Differential FGFR2 expression partially determines cryptotanshinone sensitivity in ATP6V0D1-deficient cells. (A and B) Western blot analysis of indicated proteins after treatment (Drug concentrations: JTC801, 3.5 μM; Crypto, 5 μM; LY2874455, 450 nM; treatment time: 24 h); (C) CCK-8 assay of cell viability after JTC801, LY2874455, or combination treatment (same concentrations and time as above); (D) Cell death assay showing mortality after JTC801, LY2874455, or combination treatment; (E) CCK-8 assay evaluating cell viability of SW1990 cells treated with Crypto (5 μM) after ATP6V0D1 knockout or combined ATP6V0D1 and FGFR2 knockout; (F) Cell death assay for the indicated groups (Drug concentration: Crypto, 5 μM; treatment time: 24 h). Data (C-E) are shown as mean ± SD from three or more biologically independent samples (C and D, n = 3; E, n = 6; F, n = 3). Statistical significance was performed using two-way ANOVA with Tukey’s multiple comparisons test. Western blots (A and B) represent three independent experiments. Source data are provided. ^*P < 0.05 was considered statistically significant; ns: not significant. FGFR2: Fibroblast growth factor receptor 2; ATP6V0D1: ATPase H⁺ transporting V0 subunit D1; SD: standard deviation; ANOVA: analysis of variance.

Figure 4

Differential expression of FGFR2 partially determines cryptotanshinone sensitivity in ATP6V0D1-deficient cells. (A) CCK-8 assay showing cell viability after treatment with Crypto alone or in combination with various cell death inhibitors (Drug concentrations: Crypto, 5 μM; ZVAD-FMK, 50 μM; Ferr-1, 500 nM; VitE, 5 mM; NAC, 5 mM; Necro-1, 500 nM; Baf A1, 500 nM; treatment time: 12 h); (B) CCK-8 assay showing cell viability after treatment with Crypto alone or in combination with inhibitors (Drug concentrations: Crypto, 5 μM; ZVAD-FMK, 50 μM; Ferr-1, 500 nM; VitE, 5 mM; treatment time: 24 h); (C) Cell death assay showing the proportion of dead cells following treatment with Crypto alone or in combination with inhibitors (Drug concentrations: Crypto, 5 μM; ZVAD-FMK, 50 μM; Ferr-1, 500 Nm, VitE, 5 mM; treatment time: 24 h). Scale bar = 200 µm; (D and E) Western blot analysis showing protein expression in the indicated groups (Drug concentration: Crypto, 5 μM; treatment time: 24 h).

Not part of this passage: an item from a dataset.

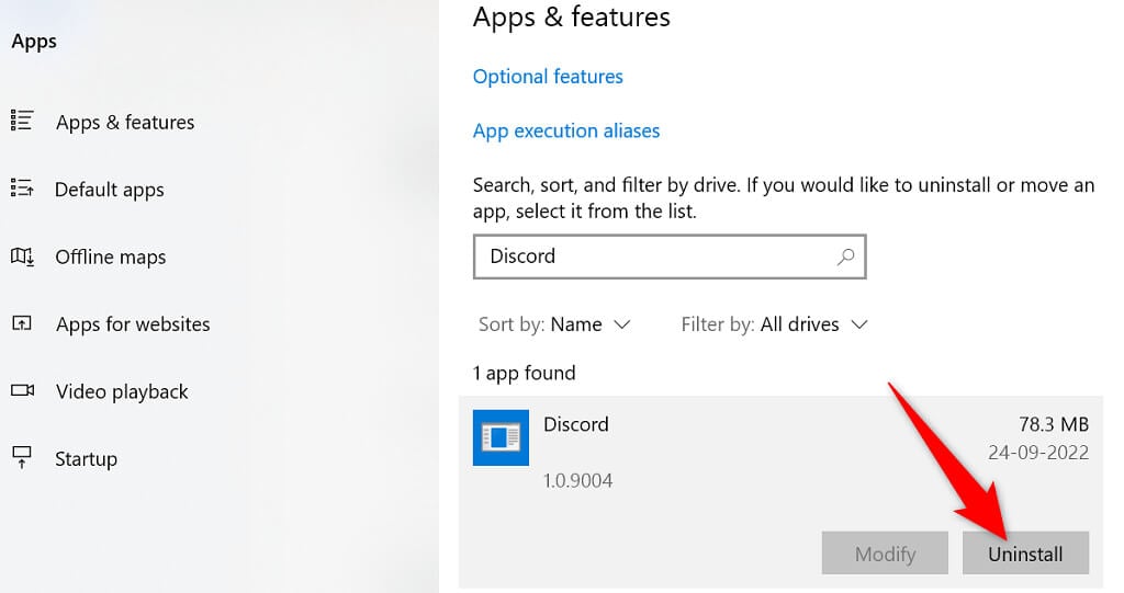 - ChoisirDiscordedans la liste, puis sélectionnezDésinstaller.

Data (A-C) are shown as mean ± SD from at least three biologically independent samples (A and B, n = 6; C, n = 3). Statistical significance was analyzed using two-way ANOVA with Tukey’s multiple comparisons test. Western blots (D and E) represent three independent experiments. Source data are provided. ^*P < 0.05 was considered statistically significant; ns: not significant. FGFR2: Fibroblast growth factor receptor 2; ATP6V0D1: ATPase H⁺ transporting V0 subunit D1; SD: standard deviation; ANOVA: analysis of variance.